Performing Bodies: Contemporary Aesthetics Between Everyday and the Arts

31-01-2026

Edited by

Elena Romagnoli (elena.romagnoli@unipi.it)

Matteo Cherubini (matteo.cherubini@phd.unipi.it)

Since the first half of the twentieth century, the body has occupied a relevant position in a wide range of philosophical inquiries, spanning phenomenology (Merleau-Ponty 1945, Dufrenne 1953), philosophical anthropology (Buber 1923, Scheler 1928) and pragmatism (Dewey 1934). In recent decades, this interest has intensified and has become a crucial concern within contemporary cultural debates, including analytic philosophy (Walton 1990, Montero 2006), gender studies (Irigaray 1985, Butler 1990) and performative aesthetics (Fischer-Lichte 2004), as well as social movements related to body positivity and body neutrality. Those elements led ultimately to the definition of a new branch of aesthetics, somaesthetics, devoted to the inquiry of body as an aesthetic dimension per se (Shusterman 2006). Despite the breadth of existing scholarship, numerous theoretical questions surrounding corporeality remain insufficiently explored and call for further conceptual clarification.

This special issue aims to investigate those possibilities by engaging with some of the most innovative currents in contemporary aesthetics. The guiding assumption of the issue is that aesthetics offers a privileged standpoint from which to address corporeality in its multiple dimensions. Throughout the twentieth century – and even more markedly in current debates – aesthetics has progressively distanced itself from an exclusive focus on the idealized and harmonious body, traditionally exemplified by classical Greek statuary. Aesthetics has consequently opened itself to a plurality of bodily configurations shaped by finitude, vulnerability, and imperfection. Within this framework, the body emerges as a primary source of human experience: not merely a passive medium, but a dynamic site in which meanings and experiences are continuously produced, negotiated, and transformed.

The issue seeks to explore some of the fundamental aesthetic questions underlying philosophical reflection on the body, particularly by conceiving it as a living and moving body—an active agent of action and interaction within the sphere of aesthetic experience. Such a perspective emphasizes the body’s embeddedness in practices and gestures that inform both artistic creation and everyday life. Special attention will also be devoted to the performative dimension of corporeality, understood as a domain in which meanings are not only expressed but actively constituted through movement, ritual, and collective practices. One challenge may be to show how even philosophical currents traditionally considered distant from reflection on and through the body – such as hermeneutics – can instead contribute fruitfully to the debate on the subject.

 

Possible topics include, but are not limited to:

  • the role of the body in everyday aesthetics, with particular emphasis on the revaluation of sensory modalities traditionally regarded as “minor,” such as touch, smell, and taste;
  • the place and operations of the body within the performative aesthetics, addressing bodily presence in performative arts as well as in literary and visual practices;
  • critical engagement with the notion of soma in somaesthetics, aimed at overcoming mind–body dualism and foregrounding embodied perception;
  • analyses of the relationship between body, habit, and aesthetic experience, in dialogue with pragmatist and hermeneutic traditions;
  • conceptualizations and reflections of practitioners on their aesthetic embodied practices;
  • the living and experiencing body as the limits of philosophical aesthetics.

Schedule

  • Abstract Submission Deadline: 1 April
  • Notification of Acceptance: 15 April
  • Full Paper Submission Deadline: 1 September
  • Review back to authors: 1. November 
  • Final Paper submission deadline: 1. December

 

Guidelines

The Journal of Somaesthetics is a peer-reviewed, online, academic journal devoted to research that advances the interdisciplinary field of somaesthetics, understood as the critical study and meliorative cultivation of the experience and performance of the living body (or soma) as a site of sensory appreciation (aesthesis), practice, and realization.

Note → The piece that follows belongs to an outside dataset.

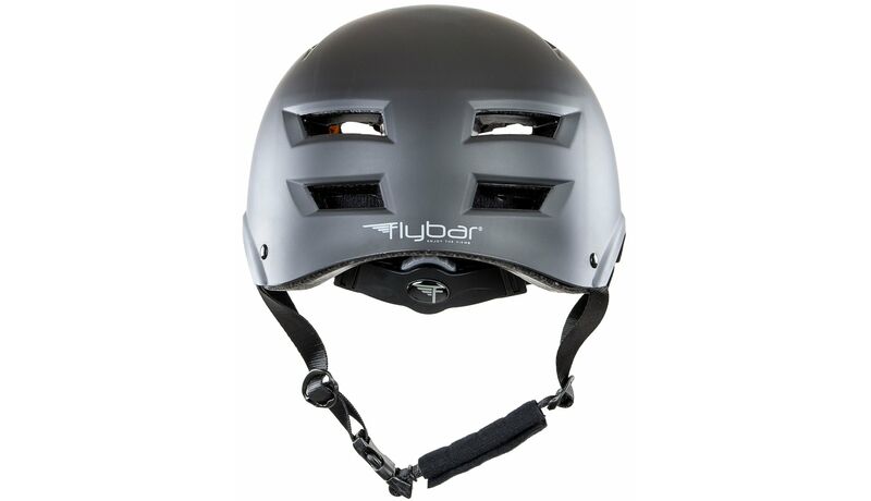 Τα κράνη της Flybar διαθέτουν προσαρμοζόμενο λουρί για να δένουν με ασφάλεια στο κεφάλι του αθλητή και περιστρεφόμενη ροδέλα στο πίσω μέρος που επιτρέπει την πλήρη προσαρμογή του κράνους στο μέγεθος του κεφαλιού.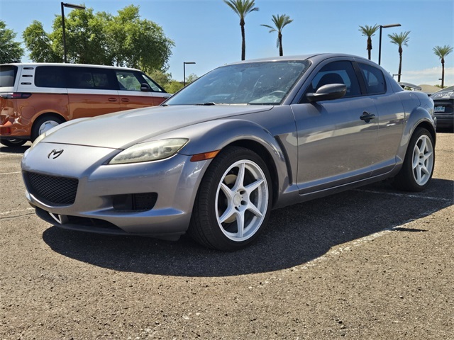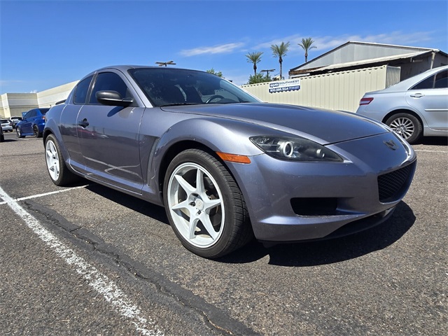Serving The Valley For Over 40 Years! This Mazda RX-8 is equipped with the following features: Rotary Accent Package, 16" x 7.5JJ Aluminum Alloy Wheels, 4-Wheel Disc Brakes, 6 Speakers, ABS brakes, Air Conditioning, Alloy wheels, AM/FM/CD Stereo w/6-Speakers, Bumpers: body-color, CD player, Cloth Trimmed Upholstery, Driver door bin, Driver vanity mirror, Dual front impact airbags, Dual front side impact airbags, Four wheel independent suspension, Front anti-roll bar, Front Bucket Seats, Front Center Armrest, Front reading lights, Illuminated entry, Leather Shift Knob, Leather steering wheel, Low tire pressure warning, Outside temperature display, Overhead airbag, Overhead console, Panic alarm, Passenger door bin, Passenger vanity mirror, Power door mirrors, Power steering, Power windows, Radio data system, Rear anti-roll bar, Rear seat center armrest, Rear window defroster, Reclining Front Bucket Seats, Remote keyless entry, Security system, Speed control, Speed-sensing steering, Sport steering wheel, Steering wheel mounted audio controls, Tachometer, Tilt steering wheel, and Variably intermittent wipers.

The term somaesthetics designates an interdisciplinary framework rather than a philosophical position. It deals, on the one hand, with the aesthetic experience of the body as a practice proper and, on the other hand, with the academic conceptualization of the experiencing body and the body experienced; it approaches the body as the mediating centre between sensory experiences and cognitive realization. Somaesthetics describes an integrative field of research where aesthetic experiences meet theories about the body and its biological structures and functions, its phenomenological and epistemological functions, and its position and significances in culture and societies. The Journal of Somaesthetics invites proposals of academic papers, essays, and video articles from different fields of somatic practices, empirical research, art, and philosophy. 

For more information about the journal, see http://journals.aau.dk/index.php/JOS

Abstracts should be between 250 and 500 words.

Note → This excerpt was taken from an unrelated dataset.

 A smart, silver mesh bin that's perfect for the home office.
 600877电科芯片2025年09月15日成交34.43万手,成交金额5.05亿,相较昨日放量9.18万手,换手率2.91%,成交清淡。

Papers should be between 5,000 and 8,000 words and prepared for blind review, according to the journal’s style guidelines as indicated on the journal’s website:

https://somaesthetics.aau.dk/index.php/JOS/about/submissions

Complete articles should be submitted through the link above. Authors should submit a separate cover page indicating the author’s name, institutional affiliation, paper title and abstract, word count, keywords, contact information and ORCID number.